Solving inequalities is a key skill in algebra. It involves finding the values of \(x\) that make an inequality true. Inequalities are similar to equations but instead of an equal sign, they use symbols like \(>\), \(<\), \(\geq\), or \(\leq\).
To solve inequalities, you perform similar steps as solving equations:

• Isolate \(x\) to one side of the inequality.
• Perform arithmetic operations, remembering to flip the inequality sign if you multiply or divide by a negative number.
• Simplify the inequality to find the solution for \(x\).

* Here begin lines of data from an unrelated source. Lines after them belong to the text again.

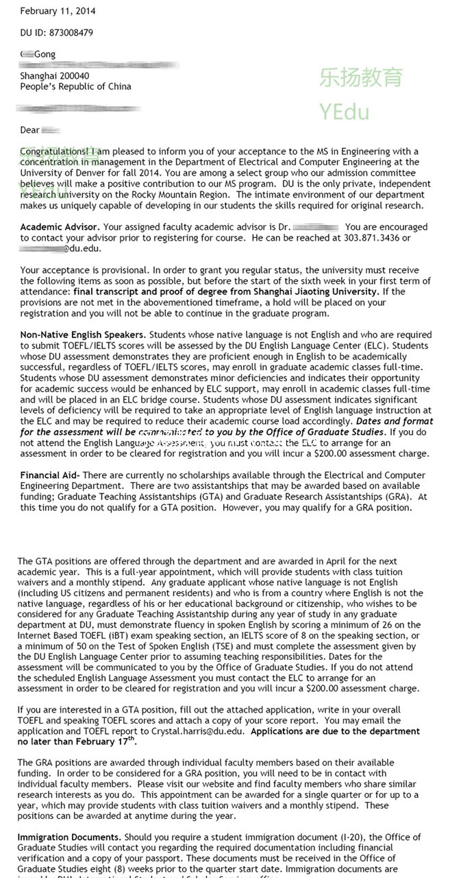 恭喜!来自上海的Gong同学被University of Denver-丹佛大学2014入学的硕士研究生MS Engineering Management工程管理硕士课程录取,再次恭喜!
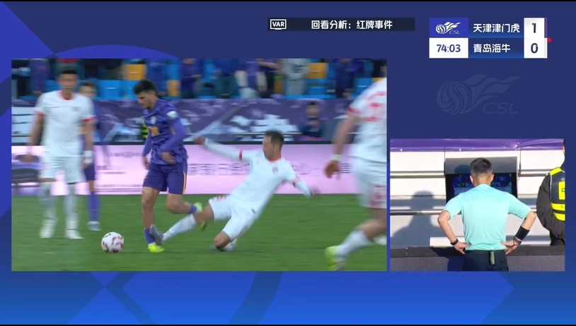 天津津門(mén)虎1-0青島海牛 林創(chuàng)益亮鞋底飛鏟薩爾瓦多腳踝染紅↓
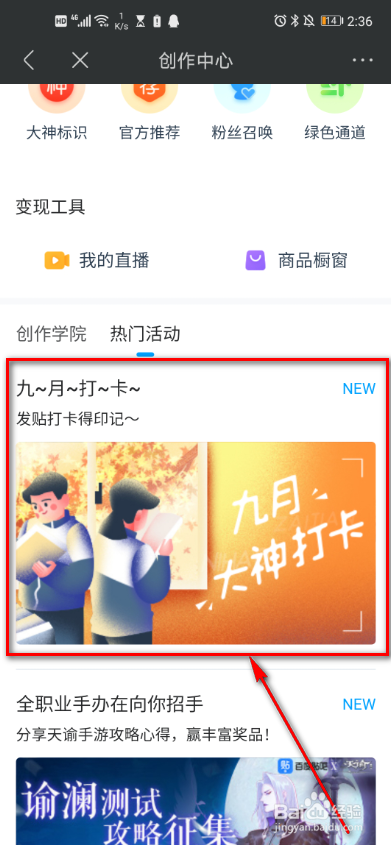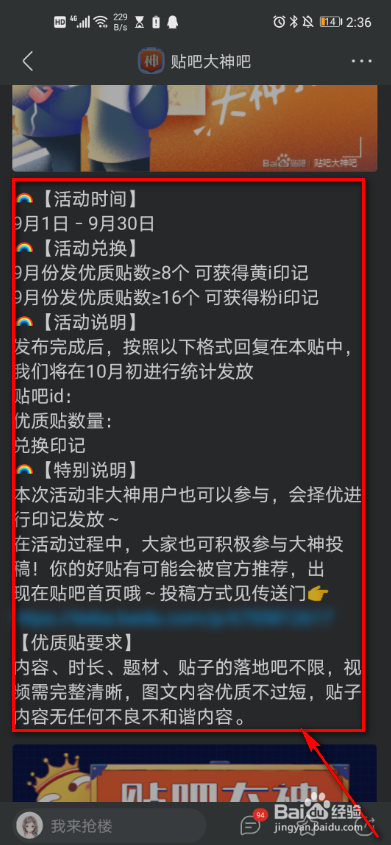 END1、解锁手机,点击百度贴吧。2、点击右下角我的图标。3、在创作中间处,找到热点活动,点击进入。4、选择肆意一个活动,点开它。5、界面跳转,即可查看活动的具体申明。
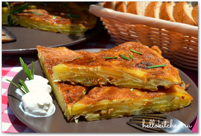 18. Тортилья получилась вкусная, сочная, с запахом прожаренного лука и картошки, согласитесь, это очень домашний запах! Она хороша как на завтрак, так и на обед. Подавать можно со сметаной и зеленью, а так же бокал красного холодного вина украсит этот обед в жаркий летний день.
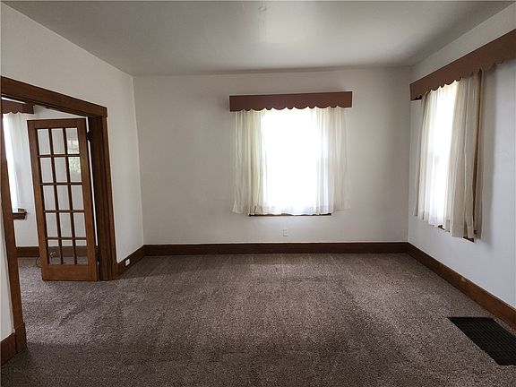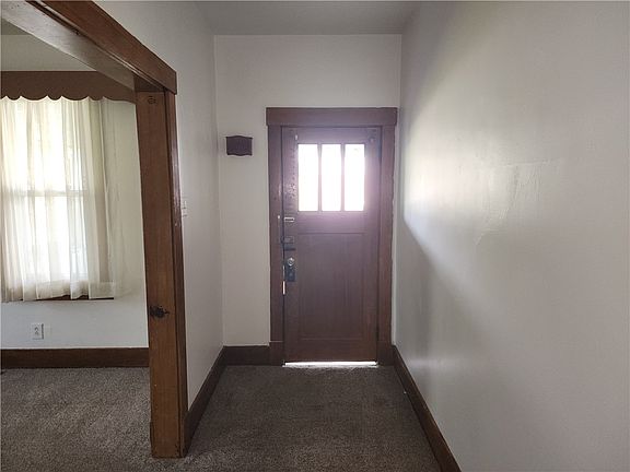 Enjoy one-level living in this 2 bedroom ranch with an additional den. Den has its own access from the porch and from one of the bedrooms inside. Nice sized eat-in kitchen with a dining room beside it. The walk-out basement is high and dry if you want more finished space. Covered front porch with a built-in ramp and off-street parking beside the home. Very pretty and level yard with mature landscaping. The dining room has beautiful built-ins, a giant walk-up attic, and easy access to the highway from your quiet street close to town. Needs some TLC but will be very comfortable to live in and update. This home really offers a lot of space and the high ceilings make it seem extra roomy. It's a gem. AS-IS sale.
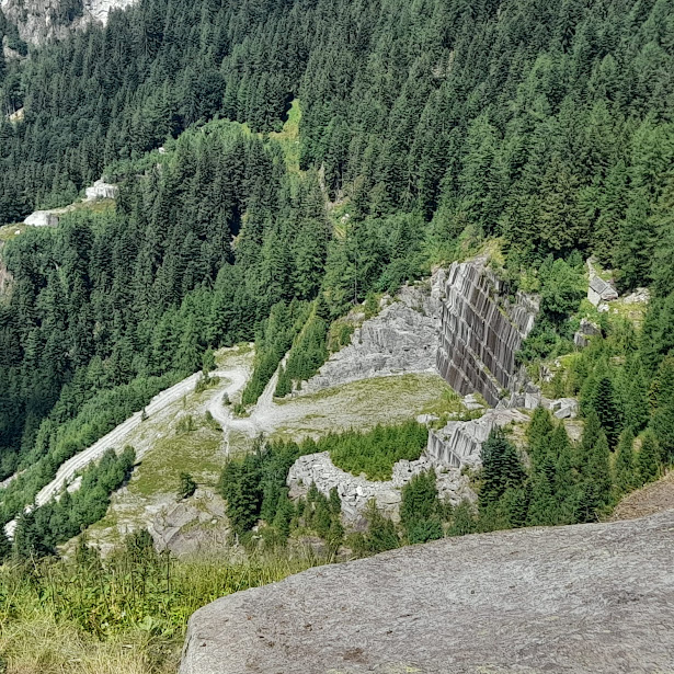 Si potrebbero però conciliare queste esigenze con quelle degli escursionisti: ci sono tanti buoni esempi in tal senso. A tratti si riconosce una vecchia bellissima mulattiera. Si torna sulla strada e si raggiunge un bivio a quota 1300 circa: a sinistra si va alla cava, a destra un cartello indica “Bivacco Cramec” e noi prendiamo questa direzione, sempre su strada. Dopo quasi un’ora di cammino siamo alla vecchia cava, dismessa da tempo, che forma adesso un maestoso anfiteatro naturale.
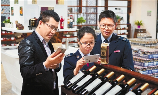近日,绍兴市国税局干部来到浙江冠友集团旗下的电子商务智慧园,实地体验“线下实物体验,线上下单购买”这一“O2O”全新商业模式,并向企业讲解互联网电商最新的税收政策。图为在园区体验扫码线上下单的场景。
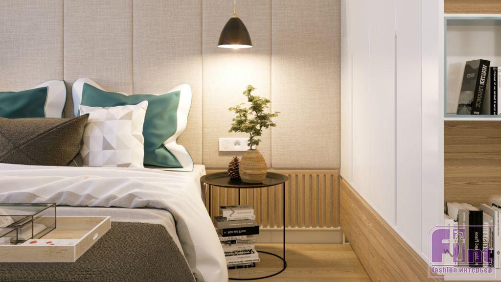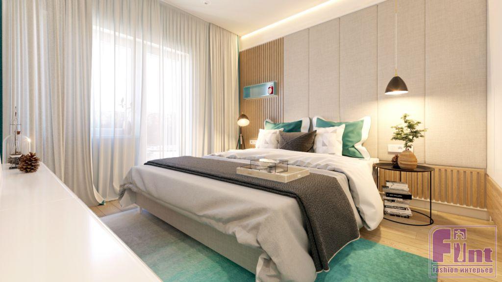 Визуально стилистику, заданную гостиной, продолжает спальня. Для эффекта «перетекания» одного пространство в другое дизайнеры спроектировали изголовье кровати из реечных и текстильных панелей, обитых брашированным хлопком. Акценты расставили с помощью текстиля: постельного белья и портьер.
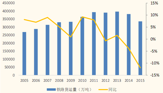 2005-2015年全國鐵路年貨運量
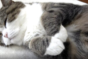 ひと足先に疲れて眠くなってしまったゆきちゃんがベッドの中に入ってお昼寝の準備を始めました。
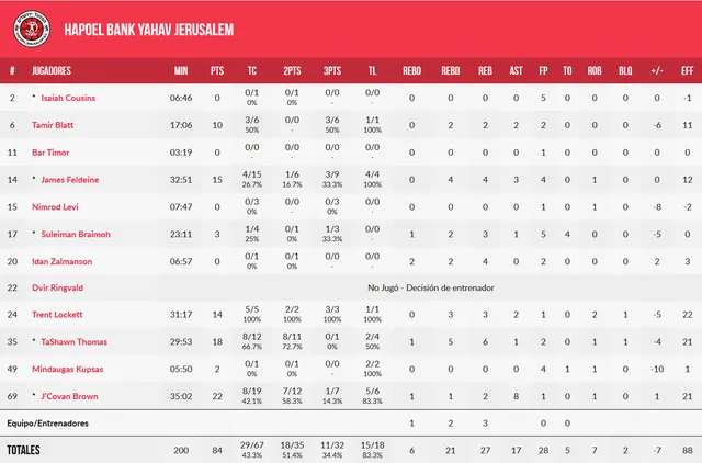 Los ajustes provocaron muchas faltas por los visitantes (2 jugadores expulsados y 2 más con 4 faltas), pero con una superioridad abismal en el rebote 51 a 27 a favor de los de Peñarroya y una excelente gestión de la ventaja por parte de los burgaleses desde la calma y la selección de tiro para cerrar el marcador 91-84 ante un favorito al título como Hapoel de Jerusalén.
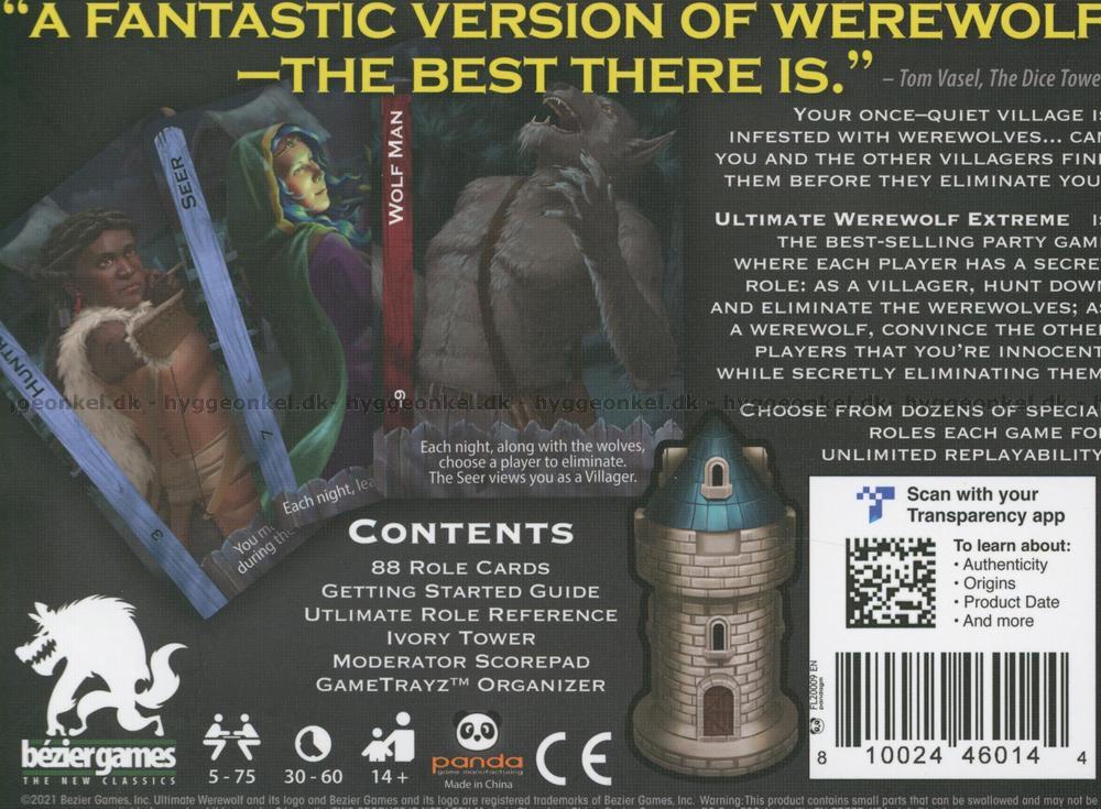 Ultimate Werewolf: Extreme är ett snabbt spel för 5-75 spelare, där alla har en tydlig roll: varulv, siare, bråkmakare eller någon av de andra rollerna. För varje roll finns en speciell egenskap att utnyttja.
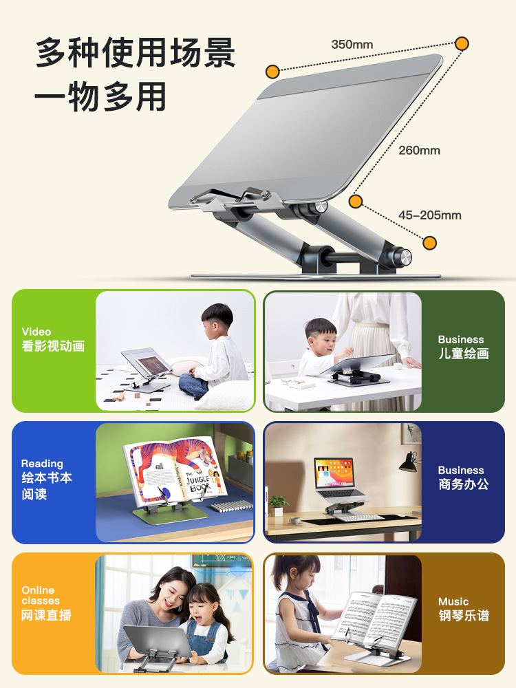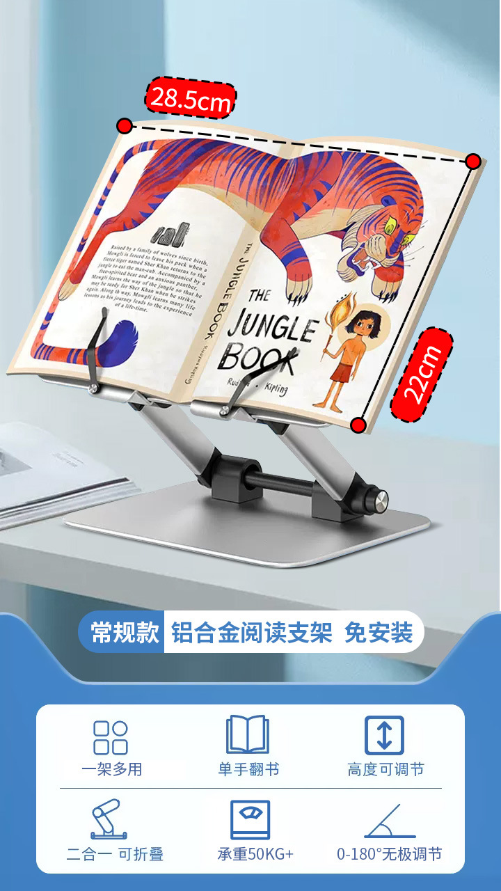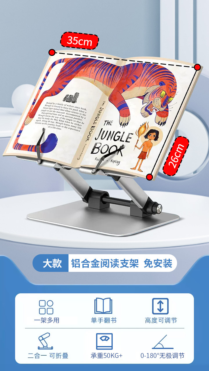 新款跨境可升降儿童阅读架学生多功能阅读书架 铝合金折叠看书架

From the original exercise, we had two inequalities derived from the functions:

• To find \(x\) where \(f(x) > g(x)\), solve \(-0.1x + 200 > 20x + 0.1\). By isolating \(x\), it results in \(x < 9.95\).
• To find \(x\) where \(g(x) > f(x)\), solve \(20x + 0.1 > -0.1x + 200\). This simplifies to \(x > 9.95\).

These solutions tell us the range of \(x\) values where one function is greater than the other.

Comparing two functions is essential to understand how they interact over different intervals. This involves analyzing where one function may be larger or smaller than another based on the values they produce for the same \(x\) inputs.
In the given exercise, we are tasked with comparing two linear functions, \(f(x)\) and \(g(x)\). The solutions highlight:

• Where \(f(x)\) is greater than \(g(x)\), which occurs when \(x < 9.95\). This indicates that function \(f\) outputs higher values than function \(g\) before reaching \(x = 9.95\).
• Where \(g(x)\) becomes greater than \(f(x)\), happening once \(x > 9.95\). Here, function \(g\) exceeds function \(f\) in terms of output values.
• At \(x = 9.95\), both functions produce the same output, meaning \(f(x) = g(x)\).

This comparison allows us to visualize and interpret the behavior of these functions over a range of \(x\), making it easier to apply in various contexts, such as predicting trends or making decisions based on function outputs.